[Given data]:
>>

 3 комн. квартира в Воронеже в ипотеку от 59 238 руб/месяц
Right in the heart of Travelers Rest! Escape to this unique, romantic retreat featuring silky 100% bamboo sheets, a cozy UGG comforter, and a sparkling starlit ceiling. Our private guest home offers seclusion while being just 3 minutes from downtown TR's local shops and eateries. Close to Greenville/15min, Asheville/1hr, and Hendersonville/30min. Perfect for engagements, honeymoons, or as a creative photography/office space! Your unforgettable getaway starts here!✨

<<
>>

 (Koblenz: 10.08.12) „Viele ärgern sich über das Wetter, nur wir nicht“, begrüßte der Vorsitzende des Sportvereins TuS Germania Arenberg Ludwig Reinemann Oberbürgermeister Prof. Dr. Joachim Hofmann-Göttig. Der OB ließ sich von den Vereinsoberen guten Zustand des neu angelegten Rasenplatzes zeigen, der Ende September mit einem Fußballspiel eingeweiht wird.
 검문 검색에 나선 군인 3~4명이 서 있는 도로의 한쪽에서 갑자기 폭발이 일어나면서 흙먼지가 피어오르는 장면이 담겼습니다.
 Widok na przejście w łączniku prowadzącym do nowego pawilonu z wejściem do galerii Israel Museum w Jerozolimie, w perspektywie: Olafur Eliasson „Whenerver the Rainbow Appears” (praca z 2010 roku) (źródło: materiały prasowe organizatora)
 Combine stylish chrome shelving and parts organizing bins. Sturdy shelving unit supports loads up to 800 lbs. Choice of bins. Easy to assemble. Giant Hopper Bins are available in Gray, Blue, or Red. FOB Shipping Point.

<<

Starting at the line with "Widok na przejście" and ending at the line with "Combine stylish chrome", print each line of the listing above exactly, with no other lines.

 Widok na przejście w łączniku prowadzącym do nowego pawilonu z wejściem do galerii Israel Museum w Jerozolimie, w perspektywie: Olafur Eliasson „Whenerver the Rainbow Appears” (praca z 2010 roku) (źródło: materiały prasowe organizatora)
 Combine stylish chrome shelving and parts organizing bins. Sturdy shelving unit supports loads up to 800 lbs. Choice of bins. Easy to assemble. Giant Hopper Bins are available in Gray, Blue, or Red. FOB Shipping Point.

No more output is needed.